● Records provided:

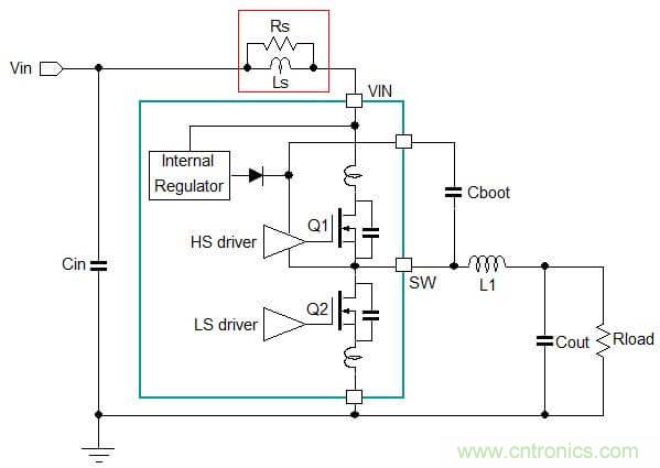 Buck架構DC/DC轉換器中存在兩個電流發生劇烈變化的主回路 :
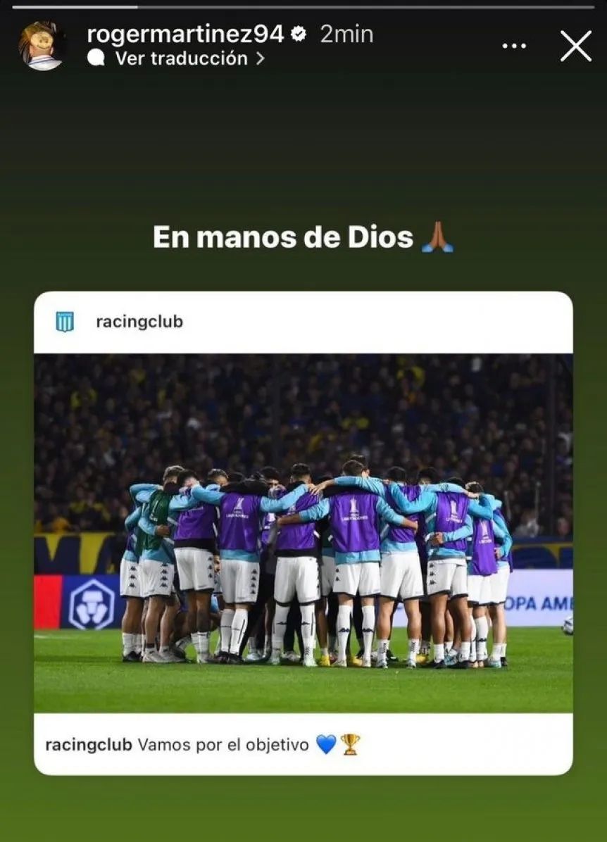 El posteo de Roger Martínez ilusiona a los hinchas de Racing, quienes lo consideran clave para el equipo. Y no es para menos, en Colombia ingresó en el complemento e influyó de gran manera en sus compañeros. En la revancha, donde la Academia dio vuelta tras el 2-4 en Colombia, marcó el primer gol y fue el abanderado de la remontada.
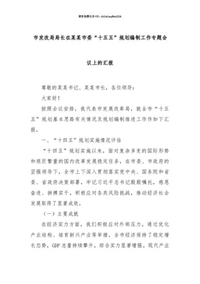 【七哥公文】2025年:【七哥公文】市发改局局长在某某市委“十五五”规划编制工作专题会议上的汇报+更多免费公文+VX:QiGeGongWen2024+更多免费公文+VX:QiGeGongWen2024
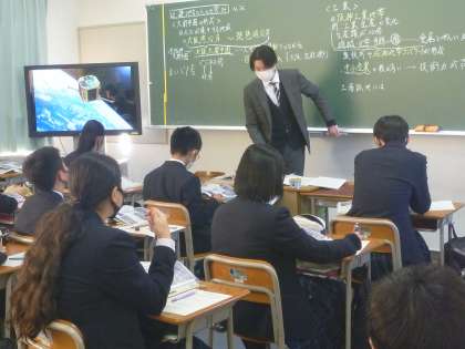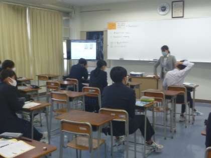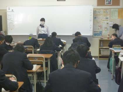 1年生国語は、1人ずつ前に出て、約90秒スピーチをしています。聞いている人は、スピーチで気になった所や声の大きさなどをプリントに書いています。
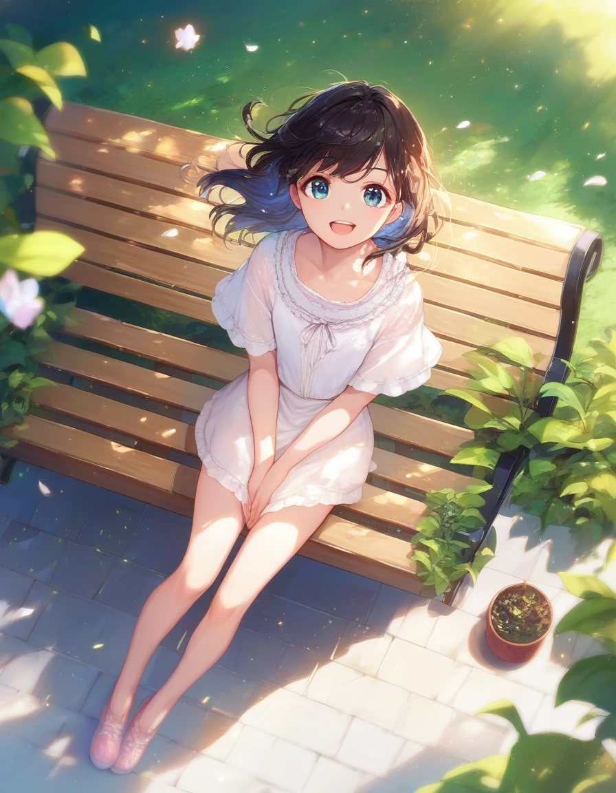 score_9, score_8_up,score_7_up,score_6_up, a girl sitting on a park bench, dutch angle, smile, open mouth, <lora:tanabae_kyou_style_pony6_v1-000014:1>
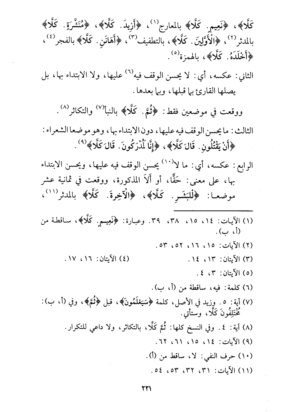 الرَّابِع: عَكسه، أَي: مَا لَا يحسن الْوَقْف فِيهِ عَلَيْهَا، وَيحسن الِابْتِدَاء بهَا، على معنى: حَقًا، أَو أَلا الْمَذْكُورَة، وَوَقعت فِي ثَمَانِيَة عشر موضعا: {للبشر. كلا} ، {الْآخِرَة. كلا} بالمدثر،
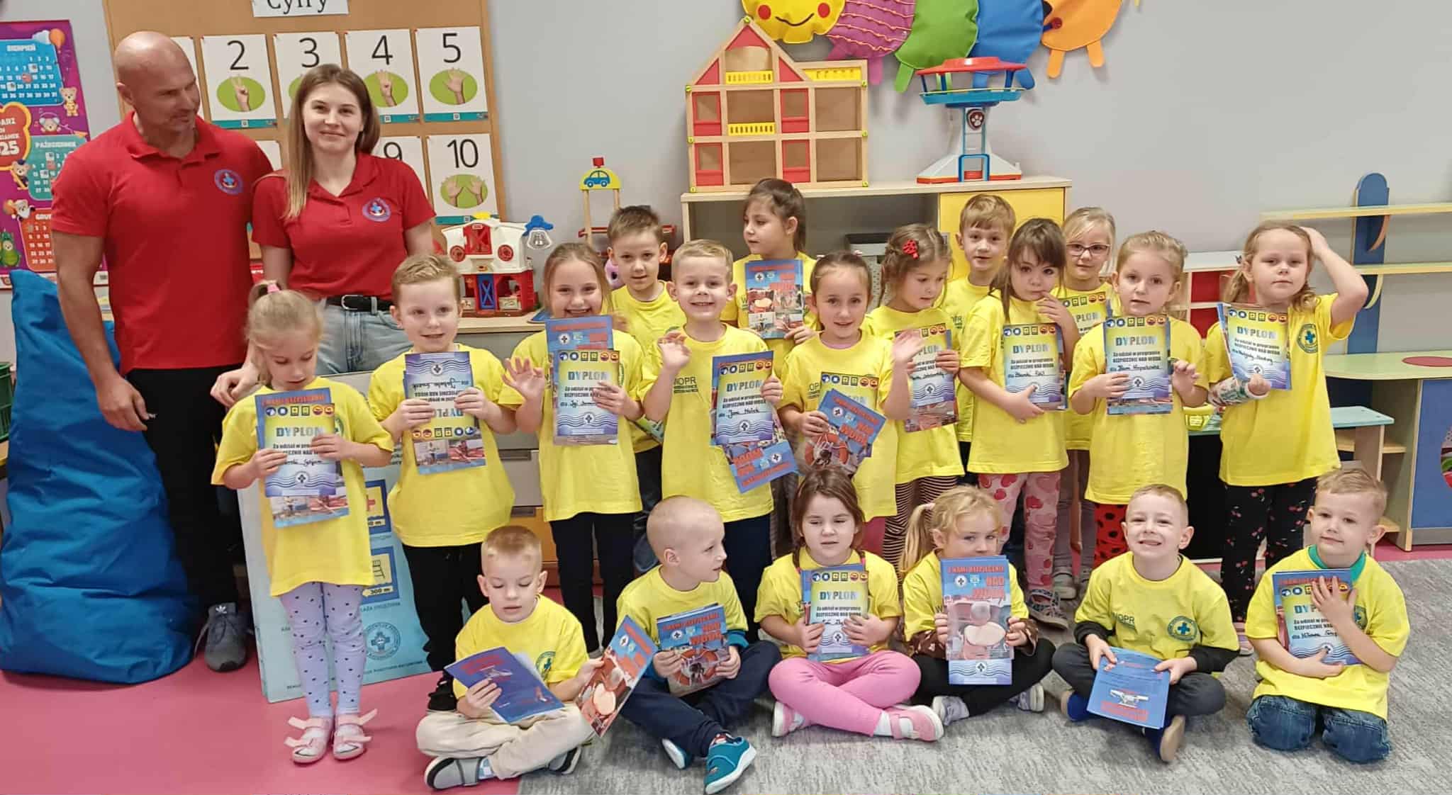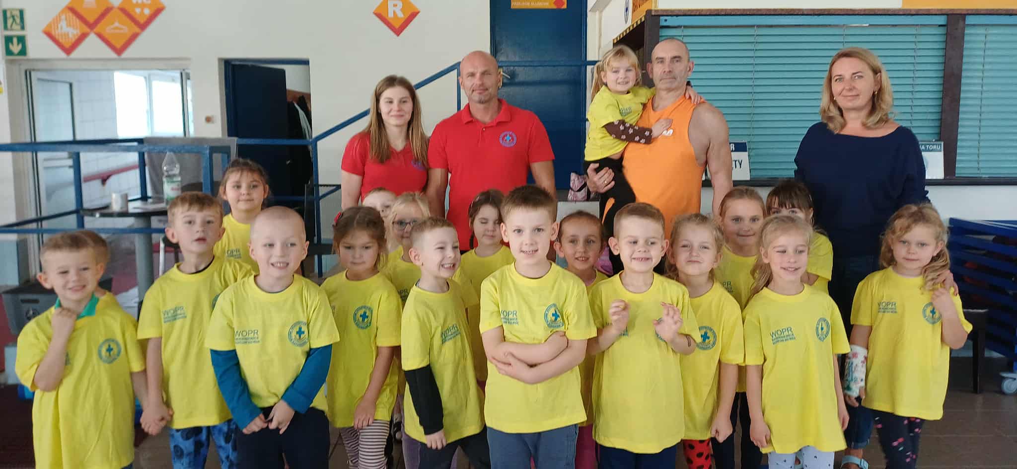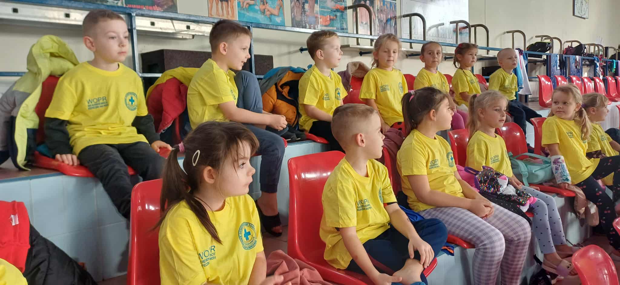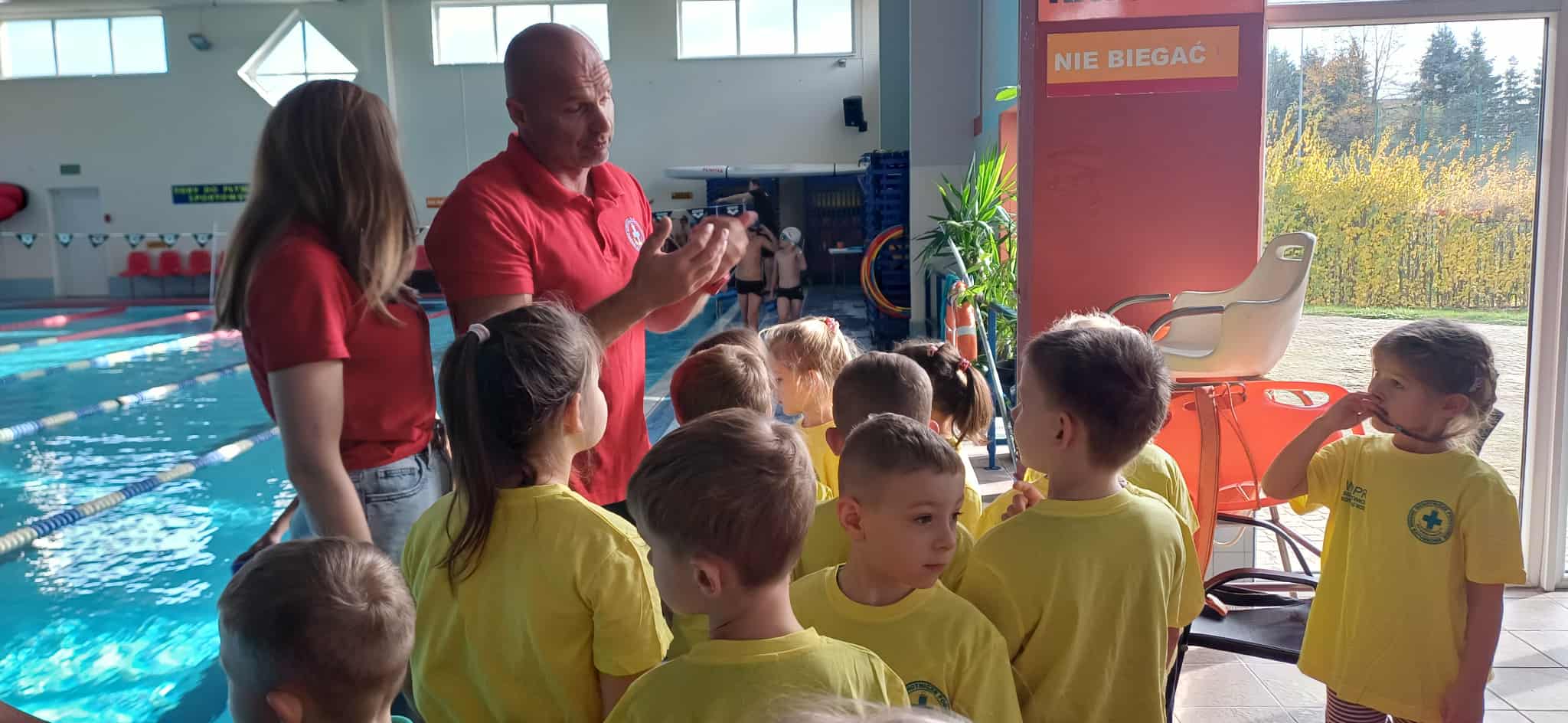 Wisienki pojechały na basen, żeby zobaczyć i poznać to miejsce. Ratownicy omawiali zasady dotyczące bezpiecznego zachowania się na basenie i pokazywali ważne znaki informacyjne. Po powrocie dzieci mogły przymierzyć kamizelki ratunkowe, otrzymały książeczki i dyplomy za udział w programie "Bezpiecznie nad Wodą".
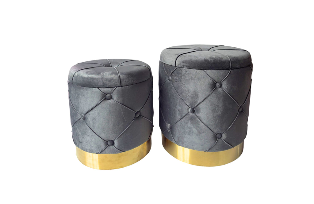 Amy Storage Foot Stools Set of 2 - Gray / Gold
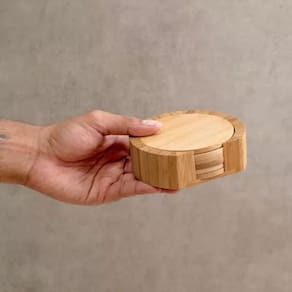 Esse é o jogo de porta copos redondo de bambu 7 peças: o jogo conta com 1 base organizadora e 6 porta copos. perfeito para receber amigos e familiares. Funcional: aguenta jarras, copos e garrafas bem quentes ou até muito geladas! Decorativo: fica bem bonito na mesa. o design moderno e o tom natural se destacam nesse jogo, que pode até fazer parte da sua decoração, deixando os ambientes mais rústicos e charmosos. Feito de bambu: material leve, resistente e ecologicamente correto. Durável e higiênico: o bambu é resistente e tem propriedades que evitam a proliferação de bactérias, só precisa lavar e secar de acordo com as recomendações, combinado? Dimensões do produto: Altura: 10Cm Largura: 7Cm Comprimento: 12Cm
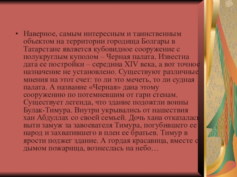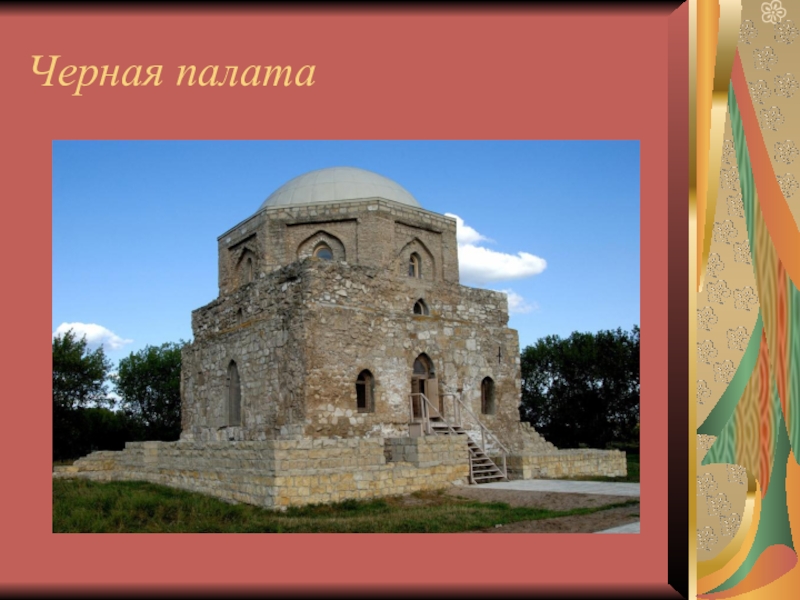 Татарстане является кубовидное сооружение с полукруглым куполом – Черная палата. Известна дата ее постройки – середина XIV века, а вот точное назначение не установлено. Существуют различные мнения на этот счет: то ли это мечеть, то ли судная палата. А название «Черная» дана этому сооружению по потемневшим от гари стенам. Существует легенда, что здание подожгли воины Булак-Тимура. Внутри укрывались от нашествия хан Абдуллах со своей семьей. Дочь хана отказалась выти замуж за завоевателя Тимура, погубившего ее народ и захватившего в плен ее братьев. Тимур в ярости поджег здание. А гордая красавица, вместе с дымом пожарища, вознеслась на небо…
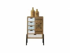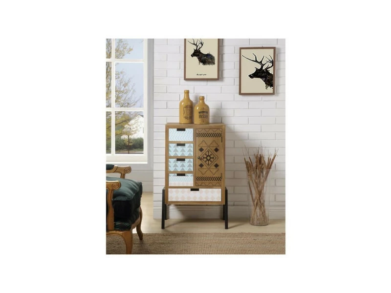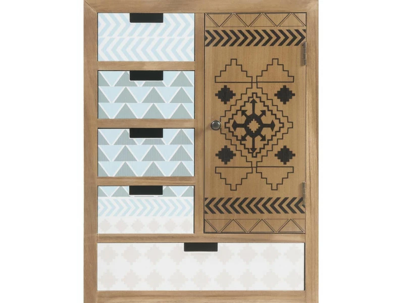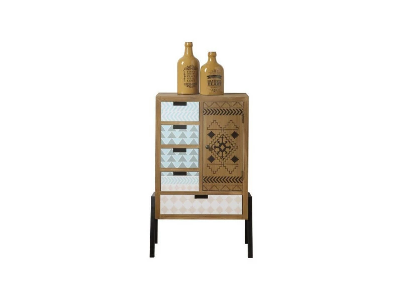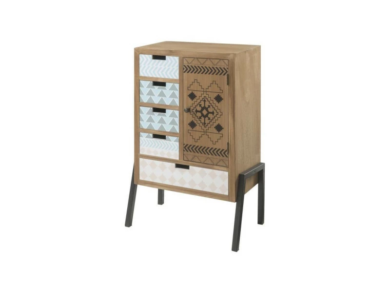 MERIDA Buffet haut en MDF marron – Style et design ethnique – 1 porte et 5 tiroirs motif Ă©quateur – Pieds en mĂ©tal noir – Dimensions totales : L 52 x P 30 x H 90 cm.
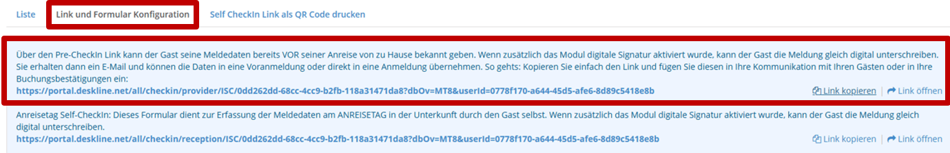 Der Pre Check-In ist ein Link den ihr im Punkt „Gästemeldung“ – „Pre-CheckIn“ – „Link und Formular Konfiguration findet.
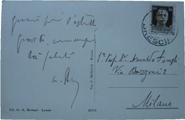 Cartolina ricevuta dall'amico da Como in ringraziamento dell'invio di un estratto delle proprie ricerche
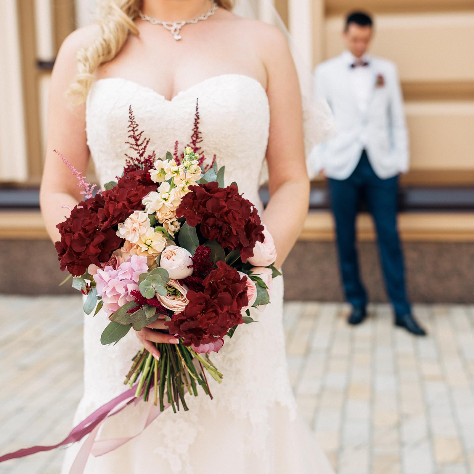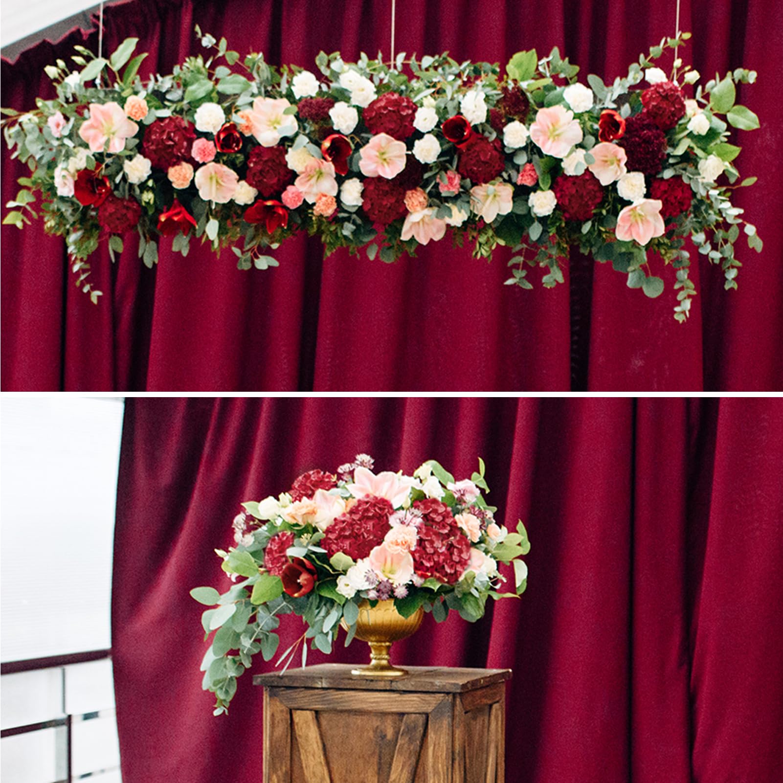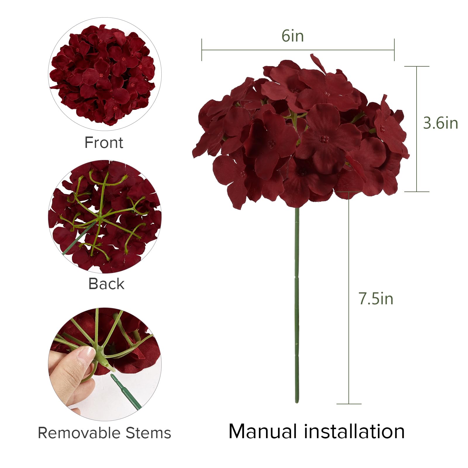 Size and Material: Burgundy hydrangea head diameter is about 6 inches, height is about 3.6 inches, made from silk cloth and plastic; Independent stem length is about 8 inches, made of plastic with iron wire inside, can be bent or cut freely to meet any decor style or occasion
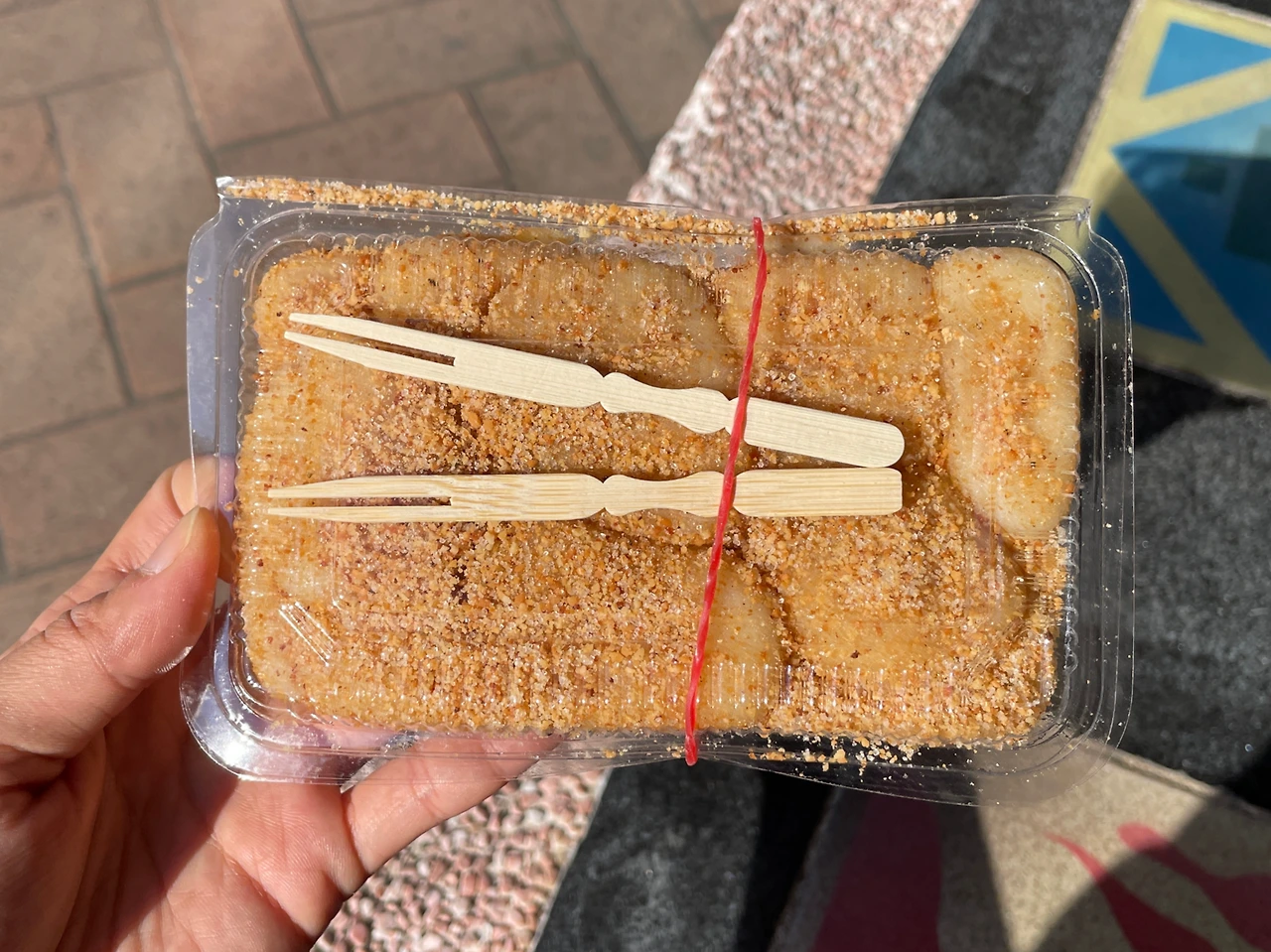 젊은 아빠와 초등학생으로 보이는 딸이 즉석에서 고물을 묻혀 팔고 있었는데, 그 모습을 보니 (미혼이지만) 엄마 미소가 절로 지어졌다. 한 팩에 50위안(약 2천 원). 이 돈이면 고슴 그릇 하나 더 살 수 있는데, 하며 고민하다 결국 한 팩 구입했다. 고슴이 찾느라 기가 잔뜩 빨린 상태였기에 에너지 보충이 필요하기도 했다.

● Problem to solve: Give again, word for word, only the lines that run from the top of the data above through the line with "الرَّابِع: عَكسه، أَي: مَا". Drop the pictures.

● Written solution:
 Buck架構DC/DC轉換器中存在兩個電流發生劇烈變化的主回路 :
 El posteo de Roger Martínez ilusiona a los hinchas de Racing, quienes lo consideran clave para el equipo. Y no es para menos, en Colombia ingresó en el complemento e influyó de gran manera en sus compañeros. En la revancha, donde la Academia dio vuelta tras el 2-4 en Colombia, marcó el primer gol y fue el abanderado de la remontada.
 【七哥公文】2025年:【七哥公文】市发改局局长在某某市委“十五五”规划编制工作专题会议上的汇报+更多免费公文+VX:QiGeGongWen2024+更多免费公文+VX:QiGeGongWen2024
 1年生国語は、1人ずつ前に出て、約90秒スピーチをしています。聞いている人は、スピーチで気になった所や声の大きさなどをプリントに書いています。
 score_9, score_8_up,score_7_up,score_6_up, a girl sitting on a park bench, dutch angle, smile, open mouth, <lora:tanabae_kyou_style_pony6_v1-000014:1>
 الرَّابِع: عَكسه، أَي: مَا لَا يحسن الْوَقْف فِيهِ عَلَيْهَا، وَيحسن الِابْتِدَاء بهَا، على معنى: حَقًا، أَو أَلا الْمَذْكُورَة، وَوَقعت فِي ثَمَانِيَة عشر موضعا: {للبشر. كلا} ، {الْآخِرَة. كلا} بالمدثر،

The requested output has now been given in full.